骆天哲怔怔地良久才回过神来,雨儿方才的神情,甚是的陌生。想奶奶,太皇太后不就在皇宫么?那满脸的坚定,不由地疑惑,当年是不是有环节出错!难道当年梁轩血溅师弟的婚礼,不是行刺水沁儿,而是另有隐情?
第3卷 第35章 和亲事件
东方晨被唤到皇宫,是因望国遣来使臣!
在金銮殿接见,东方展本是有些担心,望国会提起司马沁岚的事。司马沁岚欲行刺雨儿,被雨儿随身的雪狼一口咬断脖颈而致命,没有通过刑部的定案、审核、提刑。且因她身份不仅是未成亲的亲王正妃,还是和亲公主,事关两国的关系,是故自己是将此事秘密地压下来,不予深究。只暗中赋予皇叔调查的权利,可惜没有任何的蛛丝马迹。
望国的使臣来棠,意外的没有提起公主司马沁岚,只是禀告,说司马沁岚为梁雨订下一门亲事,嫁于望国太子。

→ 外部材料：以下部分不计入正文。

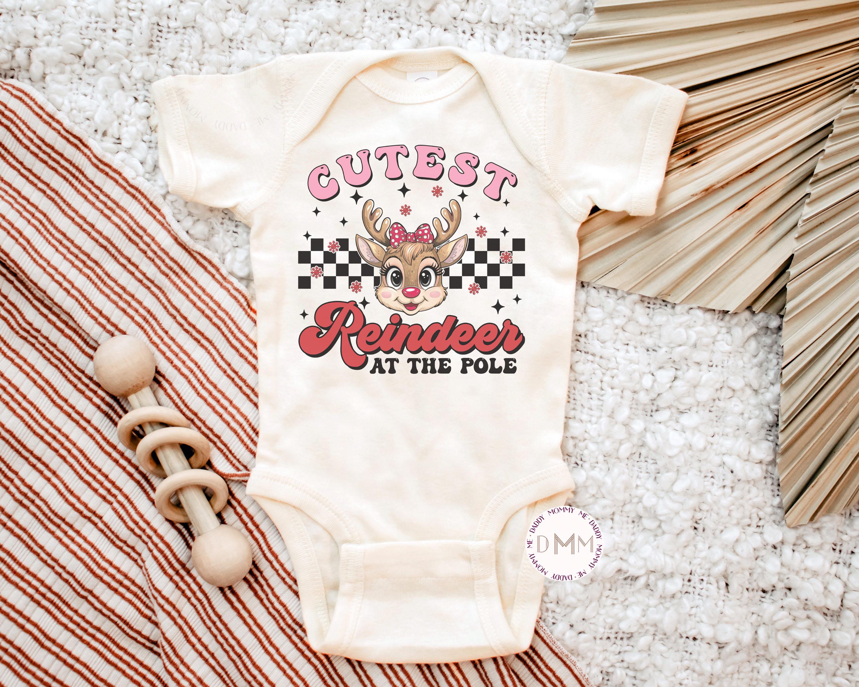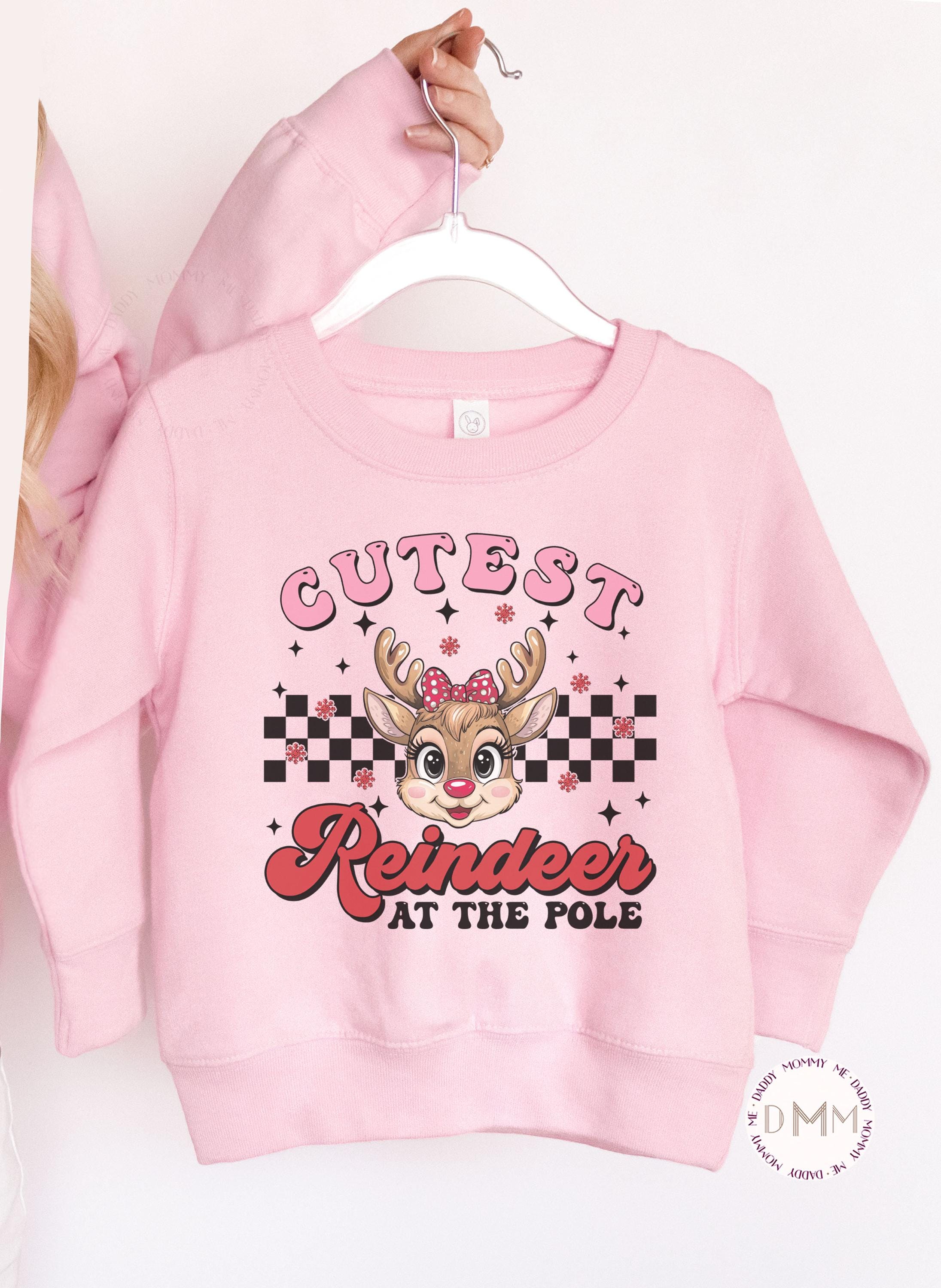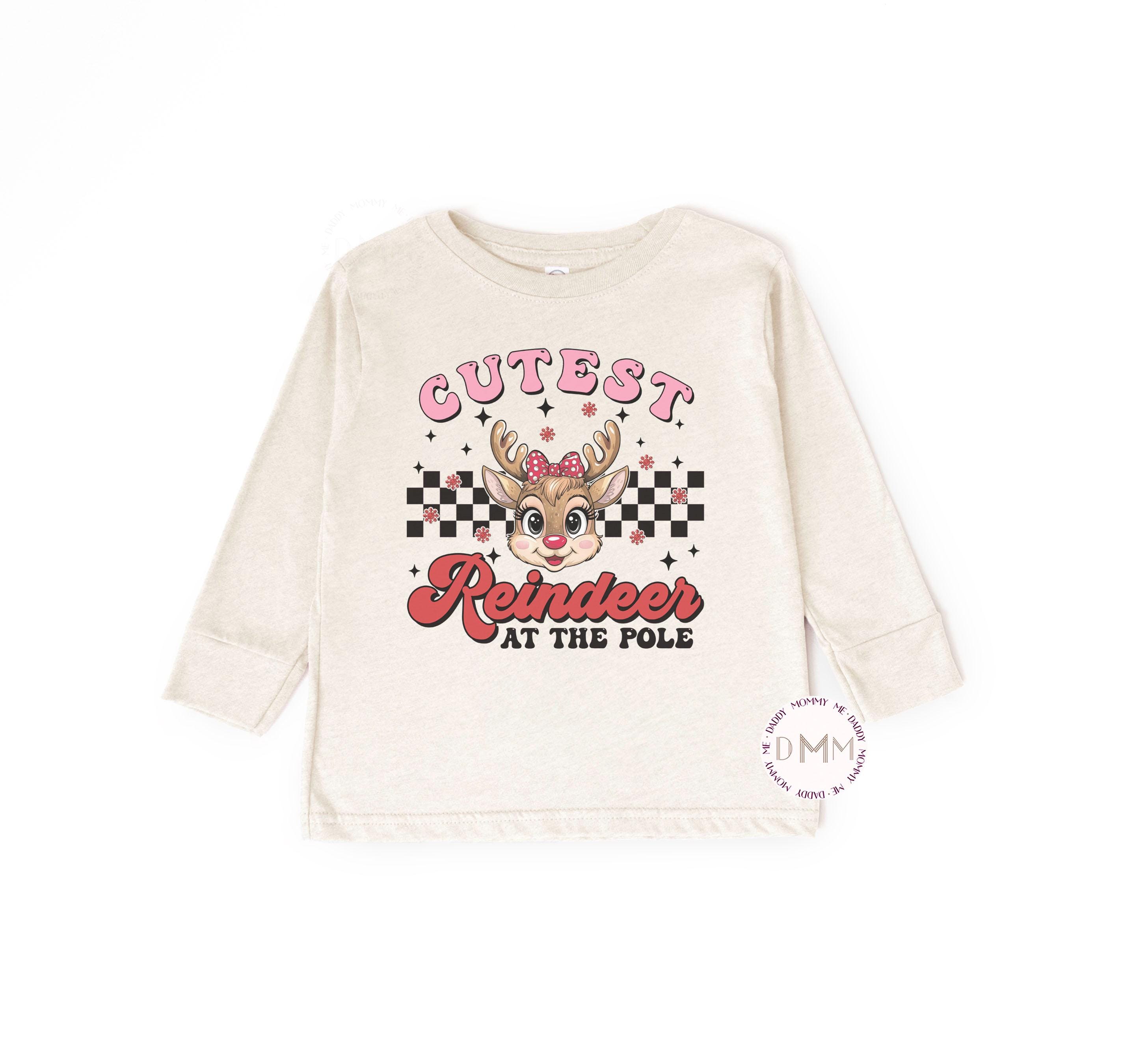 Cutest Reindeer At The Pole Christmas Shirt, Christmas Toddler Shirt, Christmas Onesie® Christmas Long Sleeve Shirt Girl Reindeer Sweatshirt

此番前来,正是提亲。
唤礼官安置了使臣,是急忙地回御书房,唤来太皇太后,还有东方晨。
东方晨刚跨进御书房,“晨儿,望国有使臣来,曰司马沁岚已把雨儿许配给望国的太子!”太皇太后从一旁的木椅起身,道,话音还未落。
“不行!”东方晨坚决地反对,长袖一甩,东方展的御案上所有地东西,都被扫落在地。
东方展急忙地伸手,幸好接住了他的帝王玉玺,那各式的奏章和宗卷,还有整一排的狼毫笔和砚台、镇纸,是全数凌乱地散落在地。很是无奈地摇摇头,“皇叔,朕没有答应!”心中暗暗地数,不知是第几次了!
“哀家也没有答应!”太皇太后浅浅地开口,尽量平淡语气,却是眉头轻蹙。司马沁岚的事还未完全的解决,又有新的麻烦来临,若不是担心棠的北疆那保持了近十年的难能可贵的安宁,势必不会理会这些无理的要求。十年的安宁,军心早已散漫,若是有战事,怕没有能够独当一面的将领。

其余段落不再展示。